Kernel-based methods, such as support vector regression (SVRJ, have demonstrated satisfactory performance in short-term load forecasting (STLF) application. However, the good performance of kernel-based method depends on the selection of an appropriate kernel function that fits the learning target, unsuitable kernel function or hyper-parameters setting may lead to significantly poor performance. To get the optimal kernel function of STLF problem, this paper proposes a kernel-based SVR combination model by using a novel individual model selection algorithm. Moreover, the proposed combination model provides a new way to kernel function selection of SVR model.
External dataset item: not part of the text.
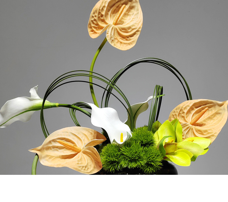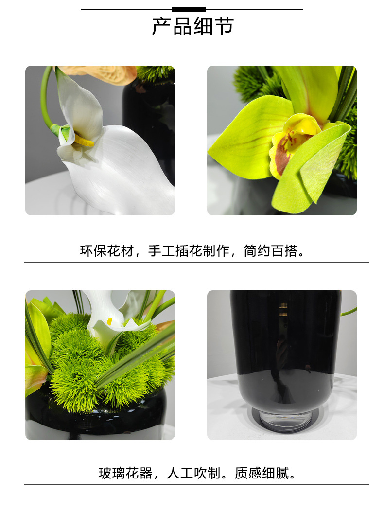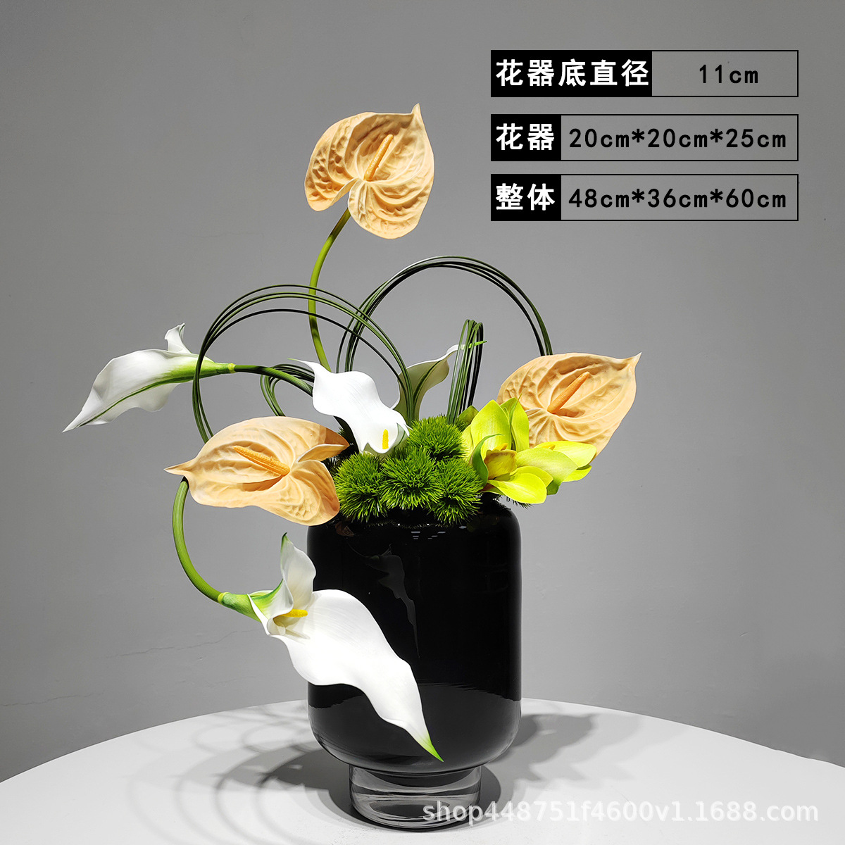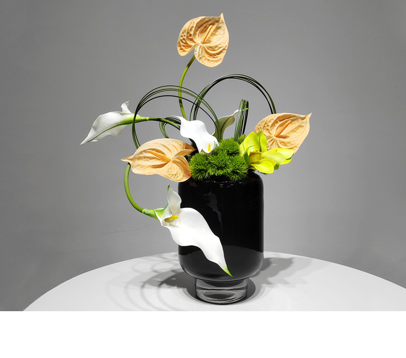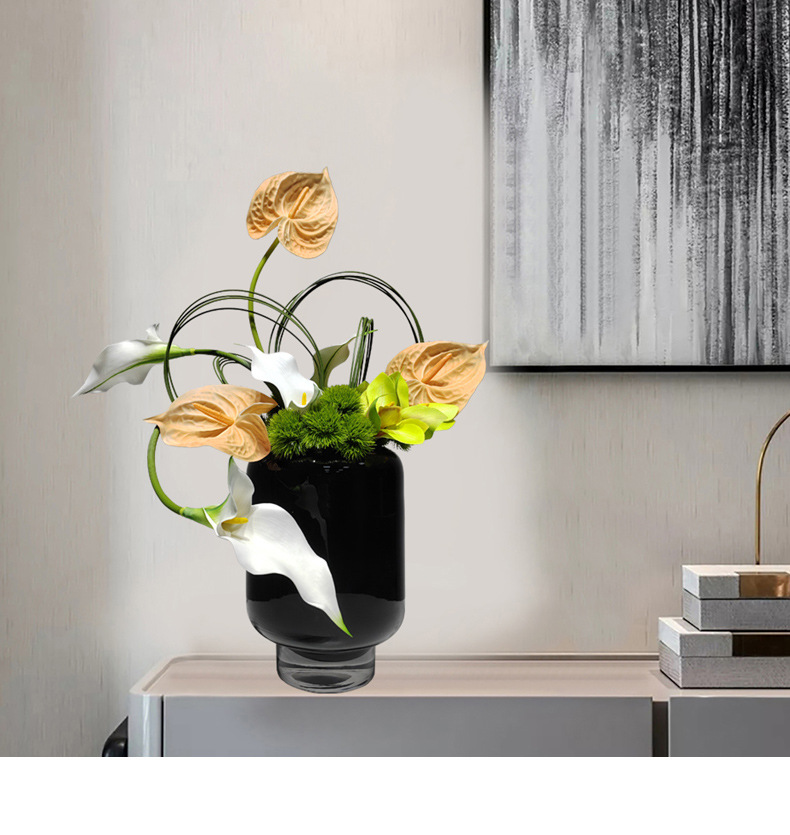 현대 인공 꽃 꽃꽂이 커피 테이블 레스토랑 판매 부서 모델 룸 바탕 화면 빛 고급 가짜 꽃 유리 꽃 장식

The performance and electric load forecast accuracy of the proposed model are assessed by means of real data from the Australia and California Power Grid, respectively. The simulation results from numerical tables and figures show that the proposed combination model increases electric load forecasting accuracy compared to the best individual kernel-based SVR model.
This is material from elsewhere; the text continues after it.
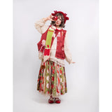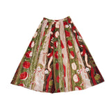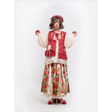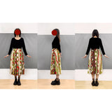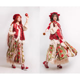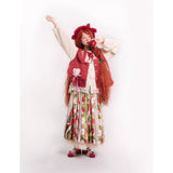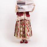深みのある苔色と熟れた林檎の赤が織りなす、幻想的な物語を描いたベロアスカート。柔らかく光を受けて艶めくベロア生地には、月の満ち欠けと林檎が連なるように配置され、まるで季節と時間が溶け込んだ詩のよう。ゴールドの装飾やリボンのモチーフが細やかに散りばめられ、どこかアンティークな温かみを感じさせます。

机译:支持向量回归(SVRJ)等基于内核的方法在短期负荷预测(STLF)应用中表现出令人满意的性能,但是,基于内核的方法的良好性能取决于选择适合该算法的适当内核函数。学习目标,不合适的核函数或超参数设置可能会导致性能显着下降;为了获得STLF问题的最佳核函数,本文提出了一种基于核的SVR组合模型,该模型采用了新颖的个体模型选择算法。提出的组合模型为SVR模型的核函数选择提供了一种新方法,分别通过澳大利亚和加利福尼亚电网的真实数据评估了模型的性能和电力负荷预测的准确性,并通过数值表和模拟结果进行了仿真。数字显示,与最佳i相比,所提出的组合模型提高了电力负荷预测的准确性基于单个内核的SVR模型。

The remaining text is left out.